В глазах Субару беспокойство. До конца съемки он остается рядом, играя за двоих. Шоте нужно только кивать и иногда вставлять маленькие реплики.
«Совсем как когда-то… Словно сон о прошлой жизни… Ради такого можно и боль потерпеть…»
Но напротив за столом — Окура. Уже сонно-равнодушный и немного пьяный. Одного взгляда на него хватает, чтобы дыхание снова сбилось, а боль колючками впилась в тело.
«Не могу сейчас думать о нем. Вообще не могу сейчас думать… Как хорошо, что наконец-то все закончилось».
Стаф сворачивает аппаратуру, а Ясуда начинает потихоньку выбираться из-за стола.
«Пока Субару слушает какой-то длинный и, похоже, смешной рассказ Йоко, а остальные пьют, можно полежать на футоне, а уж когда ребята придут и заснут, перебраться в кладовую».
— Ты уже спать? Тебе совсем плохо? — Бару встает следом, догоняет. — Пожалуй, я с тобой.
— Мне не так уж плохо, просто спать хочу.
— Ну, ладно, спать так спать. Я с тобой.
— Со мной, правда, все в порядке.
— В порядке, так в порядке, — Субару кивает и улыбается, глядя прямо в глаза. — Пойдем.
Он не прикасается, а лишь зовет. Ясу поднимается по ступенькам вслед за ним.
— Где твои вещи?
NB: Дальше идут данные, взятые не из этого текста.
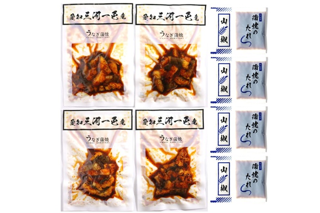 | 商品名 | 愛知三河一色産小分けきざみうなぎ蒲焼(4パック) |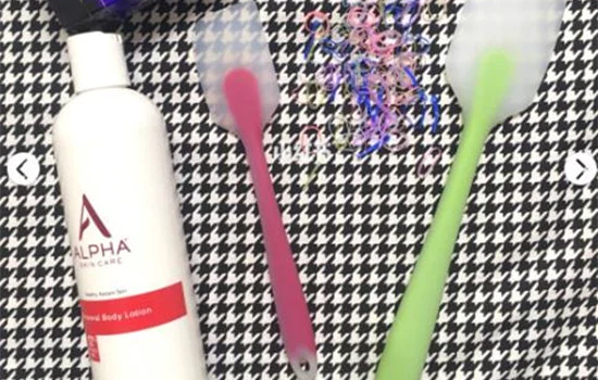 2、将身体乳倒在化妆棉,就可以使用了。刮刀可随意转动轻拍背部,达到涂抹身体乳的效果。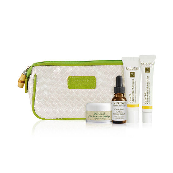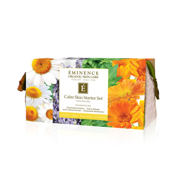 Ce kit de démarrage "Calm skin"  éminence est joliment emballé avec un approvisionnement d'un mois de produits biologiques ciblés pour traiter les types de peau sensibles.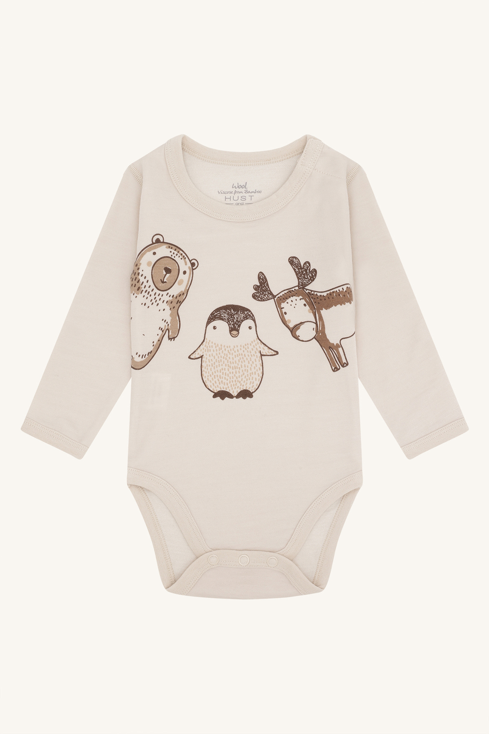 Body med dyreprint. Ytterside i ull, innside i bambus. Dette gjør at produktet skal kunne brukes av barn som er sensitiv mot å ha ull...Body med dyreprint. Ytterside i ull, innside i bambus. Dette gjør at produktet skal kunne brukes av barn som er sensitiv mot å ha ull rett mot huden.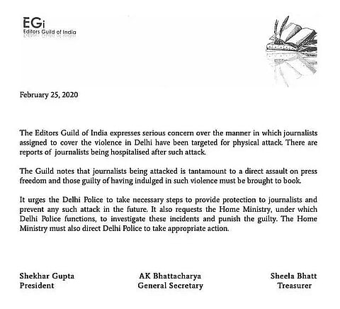 NEW DELHI: After several journalists were attacked during the riots in Delhi, the Editors Guild of India has issued a statement asking the Home Ministry to investigate such incidents and punish the guilty.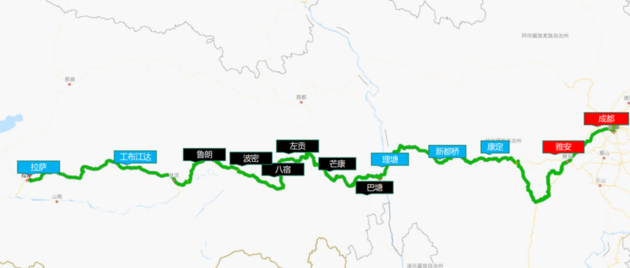 依次建设在成都、雅安、康定、新都桥、理塘、巴塘、芒康、左贡、八宿、波密、鲁朗、工布江达和拉萨。

О, похоже, мы спим рядом.
Он снова улыбается. Так тепло. Так по-доброму. И так же мягко спрашивает:
— Тебе помочь переодеться? У тебя ведь рука болит. Что, кстати, с ней?
Ясуда вновь теряется. Ответ может быть только один.
— Упал… неудачно…
— А у врача был?
— Нет, не успел. Завтра обязательно…
— Покажи.
Субару дотрагивается очень осторожно до прижатой к животу ладони. Так же осторожно тянет на себя, уже не давая возможности отойти, отказаться.
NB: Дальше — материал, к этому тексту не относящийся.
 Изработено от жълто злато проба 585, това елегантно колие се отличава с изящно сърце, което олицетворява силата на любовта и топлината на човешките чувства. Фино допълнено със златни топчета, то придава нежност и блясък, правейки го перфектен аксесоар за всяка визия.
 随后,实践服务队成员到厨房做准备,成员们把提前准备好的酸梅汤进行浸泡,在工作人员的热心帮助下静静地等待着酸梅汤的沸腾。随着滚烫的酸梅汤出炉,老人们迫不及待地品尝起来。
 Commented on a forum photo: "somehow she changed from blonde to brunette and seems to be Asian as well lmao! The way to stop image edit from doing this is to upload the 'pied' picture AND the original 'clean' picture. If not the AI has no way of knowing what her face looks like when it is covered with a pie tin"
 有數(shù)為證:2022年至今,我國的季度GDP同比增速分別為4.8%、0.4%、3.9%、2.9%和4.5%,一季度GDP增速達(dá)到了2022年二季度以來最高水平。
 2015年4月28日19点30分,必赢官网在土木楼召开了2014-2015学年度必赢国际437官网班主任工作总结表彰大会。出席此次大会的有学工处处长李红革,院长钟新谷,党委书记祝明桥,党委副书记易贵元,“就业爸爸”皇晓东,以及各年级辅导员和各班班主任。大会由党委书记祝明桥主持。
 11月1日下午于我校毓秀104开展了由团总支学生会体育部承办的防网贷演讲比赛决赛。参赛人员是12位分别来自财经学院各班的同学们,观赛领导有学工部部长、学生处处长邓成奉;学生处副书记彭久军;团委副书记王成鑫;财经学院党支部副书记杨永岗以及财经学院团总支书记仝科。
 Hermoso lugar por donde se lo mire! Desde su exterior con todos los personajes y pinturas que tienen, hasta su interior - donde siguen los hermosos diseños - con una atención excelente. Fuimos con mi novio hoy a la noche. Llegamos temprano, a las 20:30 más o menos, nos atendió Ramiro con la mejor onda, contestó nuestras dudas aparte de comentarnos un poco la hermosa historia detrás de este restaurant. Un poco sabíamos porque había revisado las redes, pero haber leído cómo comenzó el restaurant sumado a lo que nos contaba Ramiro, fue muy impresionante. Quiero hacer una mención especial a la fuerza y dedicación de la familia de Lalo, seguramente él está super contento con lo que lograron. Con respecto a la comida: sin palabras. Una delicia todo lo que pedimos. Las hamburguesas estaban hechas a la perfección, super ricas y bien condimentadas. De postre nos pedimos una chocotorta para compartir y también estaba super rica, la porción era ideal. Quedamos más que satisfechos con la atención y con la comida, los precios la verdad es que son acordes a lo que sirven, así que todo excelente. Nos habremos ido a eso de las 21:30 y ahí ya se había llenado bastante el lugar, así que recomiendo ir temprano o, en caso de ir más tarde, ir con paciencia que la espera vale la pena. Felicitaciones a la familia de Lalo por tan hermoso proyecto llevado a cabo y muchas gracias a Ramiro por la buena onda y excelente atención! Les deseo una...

— Только руку ушиб? — он спрашивает, подтягивая рукав толстовки, в которую одет Шота, повыше, и останавливается, потому что чувствует, как от боли напрягается тело Ясу. Но синяк уже виден. К тому же рука сильно опухла. Он поднимает взгляд.
— Нет, не только, — Шота старается сдерживаться. Странно, даже от своих прикосновений больнее. — Я… сильно расшибся.
Ясу видит, как добрые глаза Шибуяна становятся очень грустными и испуганными.
— Где? Ноги, ребра?
— Ничего не сломано. Только болит сильно. А я таблеток мало взял, и в аптеку было не выскочить. Сейчас просто лягу и усну, а утром — к врачу.
Субару отпускает руку:
— Ладно, ложись.
Шибутани отворачивается и спускается вниз. Ясуде жаль. Усталость придавливает сразу, чем-то тяжелым и холодным. Он не ложится — скорее, падает на постель. Не раздеваясь, старается замотаться в одеяло с головой. Закусывает губу. Пытается удержать слезы. Получается не очень. Поэтому, когда кто-то тянет за край одеяла, стараясь его раскрыть, Шота спешно проводит ладонью по щекам.
Это вернувшийся Субару. С аптечкой, кажется, из машины.
— Здесь есть какие-то таблетки, может, и обезболивающее, посмотри.
Ясу приподнимается, перебирает коробочки: «Вот, слабенькое, но подойдет, если выпить сразу несколько».
— Спасибо тебе, — он благодарно смотрит на Бару и берет из его руки принесенную бутылку с водой. Закидывает в рот сразу четыре капсулы.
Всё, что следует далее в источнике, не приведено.